Ring-opening polymerization of β-thiobutyrolactone catalyzed by phosphazenes†
Abstract
Thiolactones that give access to polythioesters (PTEs) upon ring-opening polymerization (ROP) have recently attracted increasing attention especially due to their biocompatibility and improved degradability among other properties. We report herein on the ROP of the simplest four-membered ring thiolactone, namely racemic β-thiobutyrolactone (rac-TBL), mediated by commercially available phosphazene bases, affording the corresponding poly(3-thiobutyrolactone) (P3TB).

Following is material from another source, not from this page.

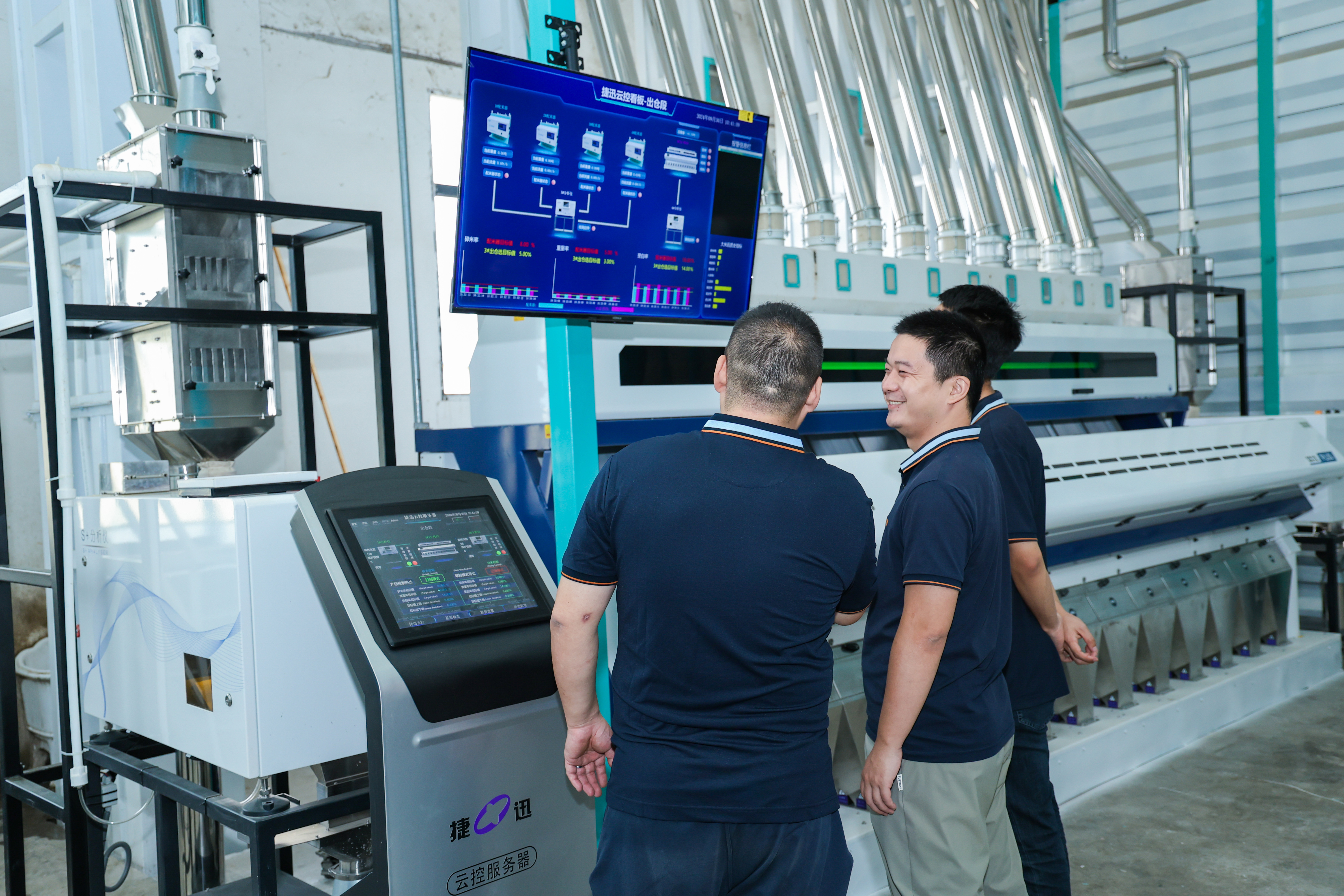 真云控 真能控!捷迅云控通過自主研發的S+智能分析儀及云控服務器協同,實時抓取大米糧食加工數據,主動進行設備操控,是業內唯一實現自動調控的糧食智慧加工解決方案。
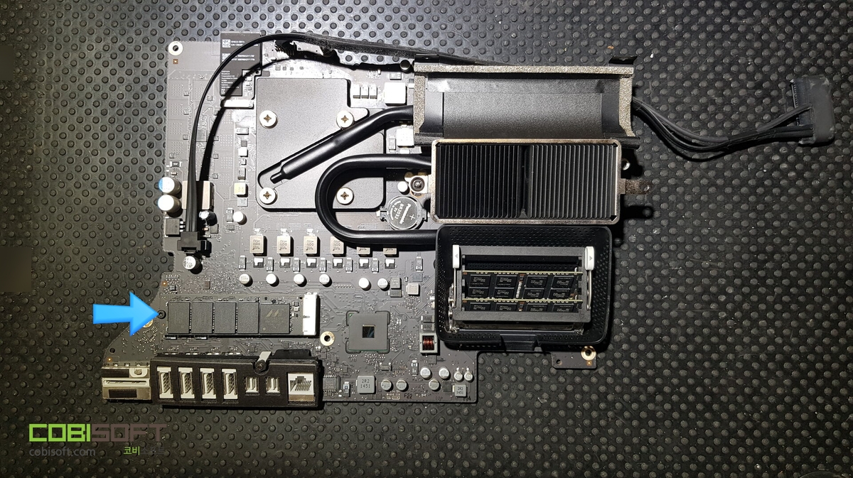 화살표가 가리키는 곳이 애플 SSD 부품이며

The reactions proceeded at room temperature, in toluene or in THF, with the apparent reactivity increasing monotonously with the basicity and steric hindrance of the phosphazene (BEMP ∼ tBu-P1 < tBu-P2 < tBu-P4). This trend suggests that initiation of the ROP proceeds, at least to some extent, by abstraction of one acidic methylene hydrogen from the monomer, to generate eventually a phosphazenium–thiocarboxylate ion-pair species that next acts as the initiating/chain-propagating species. ROP performed in THF was kinetically controlled affording P3TBs with defined molar mass and fair dispersity, some features of a living ROP. Detailed 1H, 13C, 31P and DOSY NMR spectroscopic, MALDI-ToF/ESI mass spectrometric and TGA studies conducted on the polymers produced using tBu-P4 supported the concomitant formation of {[tBu-P4]H}+ and essentially α-thiocrotonate,ω-[thiocarboxylate]− end-capped linear P3TBs; yet, the presence of cyclic P3TBs could not be excluded. The molar mass values, as determined by NMR analysis from this thiocrotonate end-group (Mn,NMR), increased linearly with the monomer conversion, yet with a nonzero intercept, suggesting slow initiation vs. propagation. The molar mass of the recovered P3TBs was moderately controlled (Mn,SEC = 7.5–18.5 kg mol−1, Mn,NMR = 5.2–22.4 kg mol−1), displaying relatively narrow dispersities (ĐM = 1.39–1.52 in THF). This work provides the second example of chemical synthesis of P3TB.